Совсем еще утро. Иногда проезжают машины, дворник с ведром еще только идет на работу, редкие пошатывающиеся тела бредут домой, а я пытаюсь языком отклеить конфету от зуба.
– Рита в тот день не вернулась домой, – говорю, обращаясь к лжепсихиатру.
Подчеркиваю, «не вернулась», и слежу, чтобы он обязательно пометил у себя в записях. Пусть запишет, что я ни в чем не виноват, что я весь день провел в городе, устал, как сволочь, так что я никого не убивал.
Фальшивка пишет, я делаю паузу, жду, пусть он закончит.
Утро после городских праздников всегда холодное, одинокое и грязное. Повсюду разбросаны обертки, окурки. На охоту выбираются шатающиеся санитары улиц в поиске недопитых и брошенных бутылок.
Сижу в тишине, расслабляюсь, и передо мной приземляется жук. Большой такой, откормленный хрущ, или, как его еще называют, майский жук. Падает в метре от меня и начинает ползти к газону. Торопится, усатый, перебирает лапками.
В тот день ему не суждено было добраться до травы. Этого он никак не мог предугадать. Судьба, хотя я и не верю в нее…
Воробей перегораживает хрущу путь. Раз, два, три, шустрый клюв наносит удар за ударом. Птичка подбрасывает жука в воздух, подхватывает на лету и снова клюет. Жук тщетно пытается спастись, для него все кончено. Он переворачивается со спины и пытается взлететь, но проворный клюв треплет его из стороны в сторону, словно пасть собаки, рывками дергает и хирургически точно отделяет крыло от тела. Вслед за первым отлетает в сторону и второе. За крылом на очереди лапки. Жук не сдается, борется до конца. Но…
– Чего и стоило ожидать, в итоге клюв уносит неподвижное тело майского хруща подальше с места преступления. – Я улыбаюсь и смотрю на поддельного психиатра.
Фальшивка отрывается от записей. Смотрит на меня как-то загадочно. Он ищет подсказку.
– Ты же сейчас нам не про жука рассказал? Ведь так?
Я опять закуриваю и предлагаю фальшивке сигарету. Он игнорирует и держит ручку наготове. Напрягся весь, мой лжепсихиатр, готовится записывать признание.
И я признаюсь…
– Признаюсь, – говорю и виновато опускаю голову.

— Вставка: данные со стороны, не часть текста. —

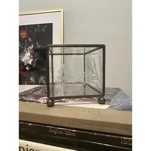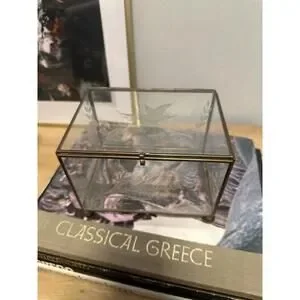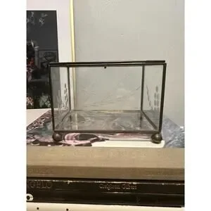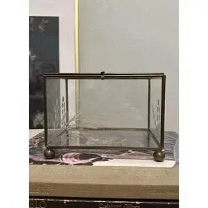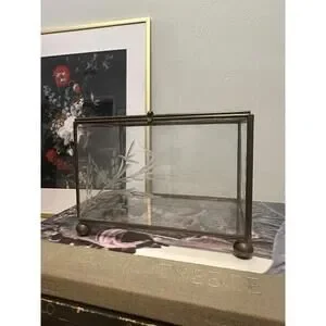 This vintage glass and bronze jewelry display catch all box features a beautiful floral design, making it a decorative and functional piece for storing jewelry or other small items. The intricate etching and vintage aesthetic add a touch of charm to any space, while the compact size of 6" in length, 4" in height, and 4.25" in width makes it suitable for various decor styles. A unique and charming addition to any collection, this original piece is sure to add a touch of vintage flair to your home.
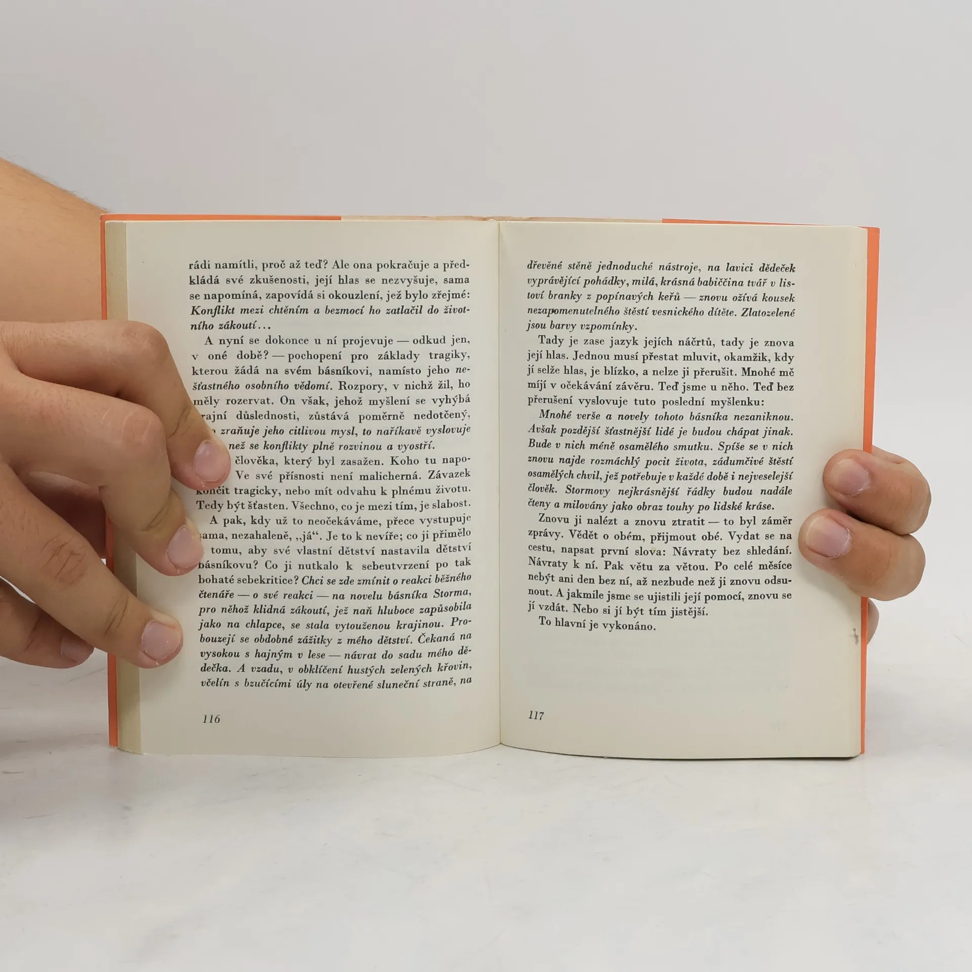 Román představuje pětatřicetiletou ženu, jež až dosud v životě hledala sama sebe a ve chvíli neodvratné smrti nalézá zázračnou cenu nejprostších věcí života, základních lidských vztahů, které ji k němu poutají.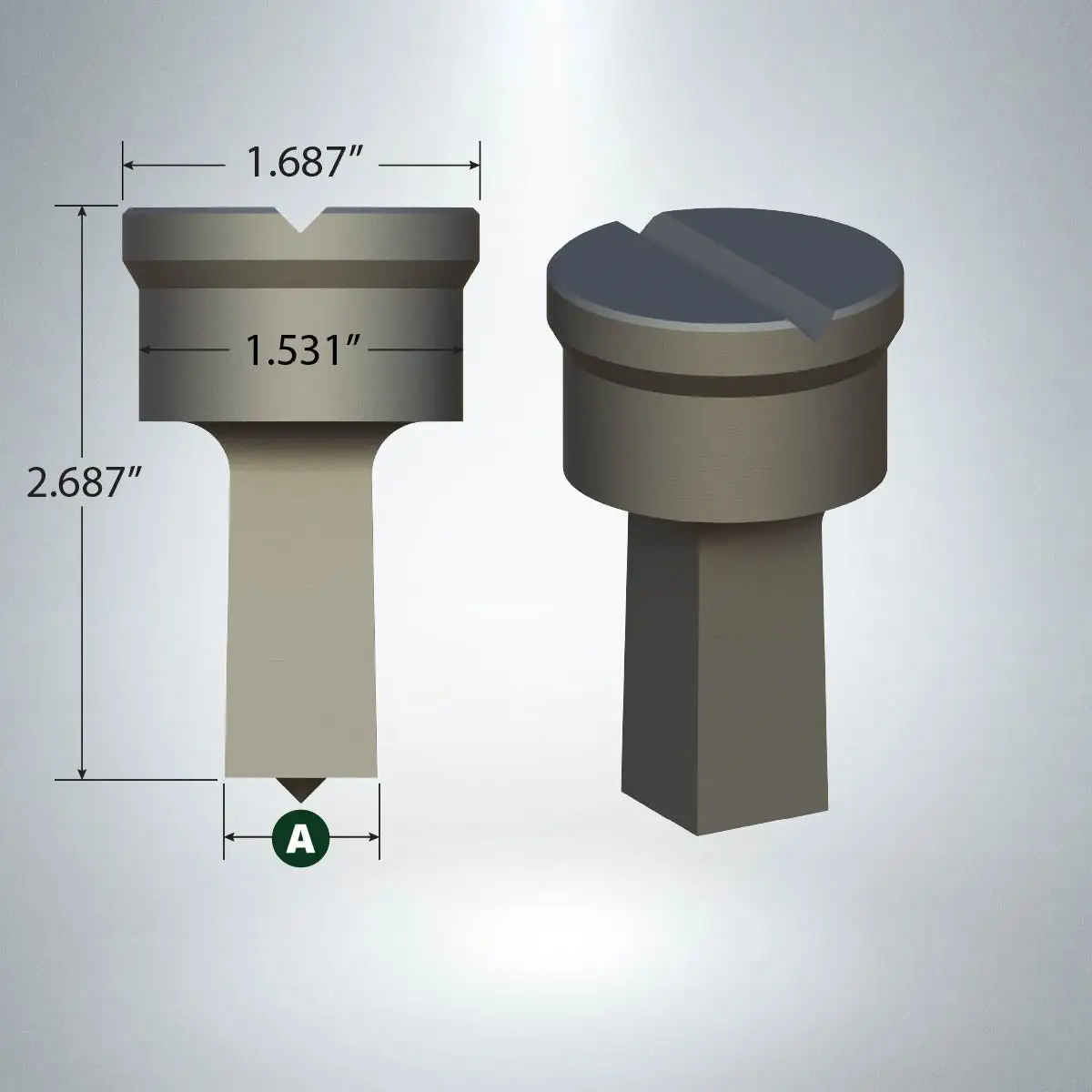Punches are supplied with a single v-groove. Use 1/8" Round x 1-5/8" Long Keystock to align punches in the machine. All sizes listed ship within 24 hours. Contact us for custom sizes not listed. Commonly paired with F62 Square Dies.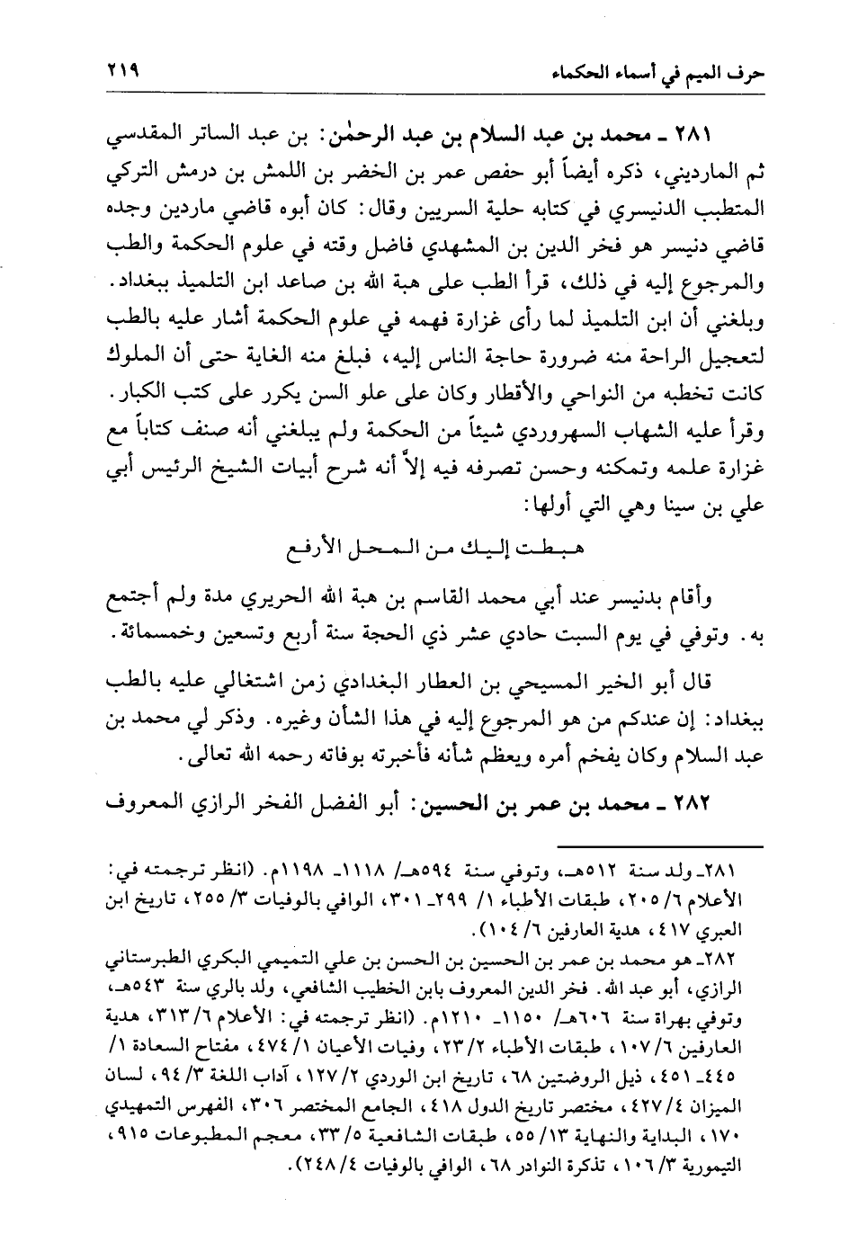 محمد بن عبد السلام بن عبد الرحمن بن عبد الساتر المقدسي ثُمَّ المارديني ذكره أيضاً أبو حفص عمر بن الخضر بن اللمش بن درمش التركي المتطبب الدتيسري فِي كتابه حلية السريين وقال كَانَ أبوه قاضي ماردين وجده قاضي دتيسر هو فخر الدين بن المشهدي فاضل وقته فِي علوم الحكمة والطب والمرجوع إِلَيْهِ فِي ذَلِكَ قرأ الطب عَلَى هبة الله بن صاعد بن التلميذ ببغداد وبلغني أن ابن التلميذ لما رأى غزارة فهمه فِي علوم الحكمة أشار عَلَيْهِ بالطب لتعجيل الراحة منه ضرورة حاجة الإنسان إِلَيْهِ فبلغ منه الغاية حَتَّى أن الملوك كَانَتْ تخطبه من النواحي والأقطار وَكَانَ عَلَى علو السن يكرر عَلَى كتب الكبار وقرأ عَلَيْهِ الشهاب السهروردي شيئاً من الحكمة وَلَمْ يبلغني أنه صنف كتاباً مع غزارة علمه وتمكنه وحسن تصرفه فِيهِ إِلاَّ أنه شرح أبيات الشيخ الرئيس أبي علي بن سينا وهي الَّتِي أولها: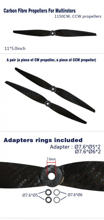 Pár carbonových vrtulí pro multicoptery 11x5 (levotočivá+pravotočivá)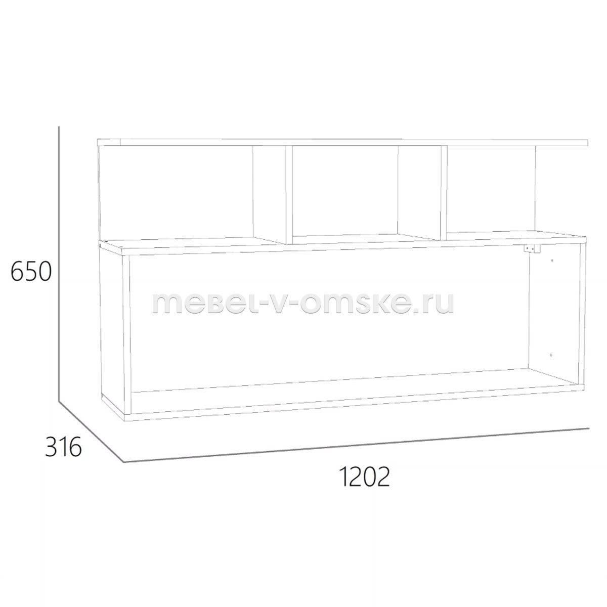 - Конструктив. Нижняя часть модуля оснащена глухим фасадом, который защитит внутреннее содержимое полки от пыли. Для удобства открывания на дверце предусмотрены не одна, а две ручки. Верхние открытые отсеки полки подойдут для демонстрации декоративных элементов.

Я смотрю на стол и представляю, как глаза фальшивки расширяются, рот роняет нижнюю челюсть, и та со звоном падает на пол, как дрожит ручка в его пальцах.
– Признаюсь, – говорю нарочито театрально. Как прожженный актер, со дня на день, собирающийся на пенсию. – В то утро я стал свидетелем настоящего убийства, – улыбаюсь и продолжаю: – Воробей убил, и я так подозреваю съел хруща.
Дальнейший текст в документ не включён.